Reference genomes and bioinformatics

To perform a reference-based transcriptomic analysis, we used the CDS sequences associated with each predicted gene in 84 bacterial and 22 fungal genomes, as well as in the A. thaliana TAIR10 genome (downloaded from http://arabidopsis.org). All bacterial genomes were previously published (downloaded from http://at-sphere.com)37. 17/22 fungal genomes were previously published (downloaded from https://mycocosm.jgi.doe.gov)38. The other fungi (5/22, Plectospaerella_cucumerina_MPI-CAGE-AT-0143: Plecto143, Fusarium_oxysporum_MPI-CAGE-AT-0013: Fusarium13, Fusarium_redolens_MPI-CAGE-CH-0216: Fusarium216, Fusarium_oxysporum_MPI-CAGE-CH-0226: Fusarium226, Fusarium_equiseti_MPI-CAGE-CH-0233: Fusarium233, four from genus Fusarium and one from species Plectosphaerella cucumerina) used in our experiments were sequenced de novo and their assemblies can be accessed via ENA (PRJEB50298 and PRJEB61839). First, their genomic DNA was extracted from freshly growing mycelium using a modified CTAB-based protocol, as previously described70. Genomes were then assembled using CANU v1.871, and assemblies were polished with Arrow v0.14. Gene prediction was performed with FGENESH v8.0.072, with reference matrix Fusarium for the 4 Fusarium strains and matrix Torrubiella hemipterigena for the Plectosphaerella cucumerina strain.

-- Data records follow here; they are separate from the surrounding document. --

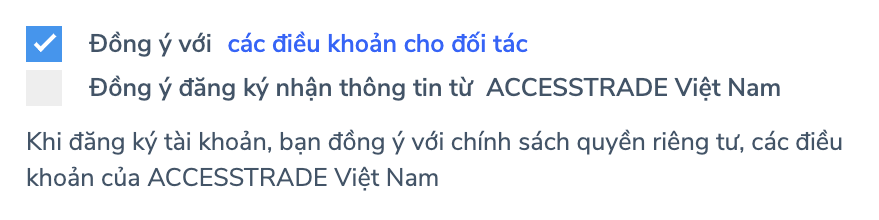 Sau khi nhập các thông tin trên, các bạn chọn Đồng ý các điều khoản, nếu các bạn muốn nhanh chóng nhận được các bản tin chiến dịch từ Tiki của AccessTrade
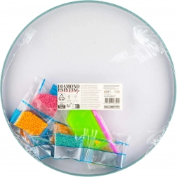 Entdecken Sie entspannendes Kreativsein mit dem Diamantmalerei-Set auf einer runden Leinwand mit 30 cm Durchmesser. Das Mandala-Motiv mit Blume in Grüntönen bringt Harmonie und Stil in jedes Interieur. Ideal für Anfänger und Fortgeschrittene – ein Projekt, das entspannend, leicht zu bewältigen ist und als Ergebnis eine strahlende Dekoration mit dem Effekt funkelnder Steinchen liefert.
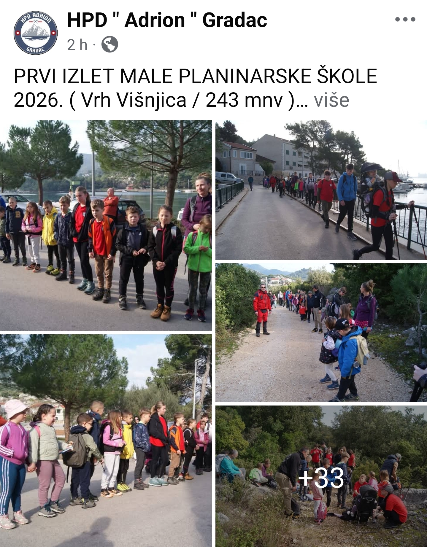 Druga generacija Male planinarske škole u organizaciji HPD Adrion iz Gradac započela je svoju avanturu prvim izletom na vrh Višnjica (243 mnv). U nedjelju, 1. ožujka 2026., čak 29 djece u pratnji roditelja i vodstva okupilo se u Portini, naselju u sklopu Baćina, kako bi zajedno zakoračili u novu planinarsku godinu ispunjenu učenjem, druženjem i boravkom u prirodi.
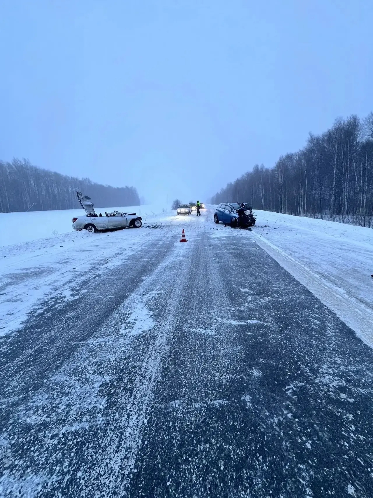По предварительным данным Госавтоинспекции, около пяти часов вечера 50-летняя женщина за рулем «Ниссана» не справилась с управлением на заснеженной дороге. Ее автомобиль выехал на встречную полосу, где столкнулся с «Ладой Грантой», которой управлял 25-летний мужчина. Удар был такой силы, что оба водителя скончались на месте происшествия.
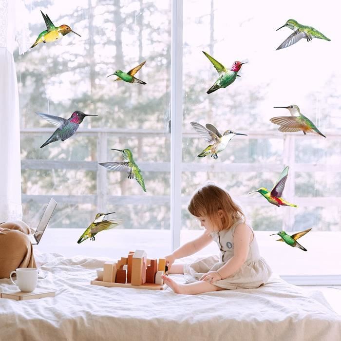 Hey ! Ces autocollants, c’est une super solution pour éviter que les oiseaux ne heurtent tes fenêtres. Le pack comprend 48 autocollants : 33 en forme de colibri (de 8 à 13 cm) et 15 petits cercles (2,3 à 3,5 cm de diamètre). En film prisme, ils réfléchissent la lumière et créent de jolis arcs-en-ciel dans ta pièce quand le soleil tape. Mais surtout, les oiseaux les voient et évitent la vitre. Tu peux les coller à l’intérieur ou à l’extérieur, sans colle – juste un peu d’eau, et ils tiennent bien. Ils sont amovibles et réutilisables, donc pas de traces si tu changes d’avis. En plus de protéger les oiseaux, ils décorent joliment ta fenêtre ou ta porte en verre. Un produit malin, écologique, et vraiment efficace pour réduire les collisions. Parfait pour les maisons avec baies vitrées ou les vérandas !

Fungal gene annotation was performed using emapper v273 but also different specialized tools: BUSCO2 v5.4.774 (with database ascomycota_odb10) to identify ascomycetal conserved genes likely involved in primary metabolism, SignalP342 v6.0 to predict genes encoding secreted proteins, EffectorP4 v3.043 (run in fungal mode on predicted secreted proteins) to identify candidate effector-encoding genes and dbCan244 v4.0.0 to annotate genes encoding carbohydrate-active enzymes. In addition, we used the tool PHIB-Blast (http://phiblast.phi-base.org/) to identify homologs of fungal differentially expressed genes that have been previously characterized and are referenced in database PHIBase6 v4.1545.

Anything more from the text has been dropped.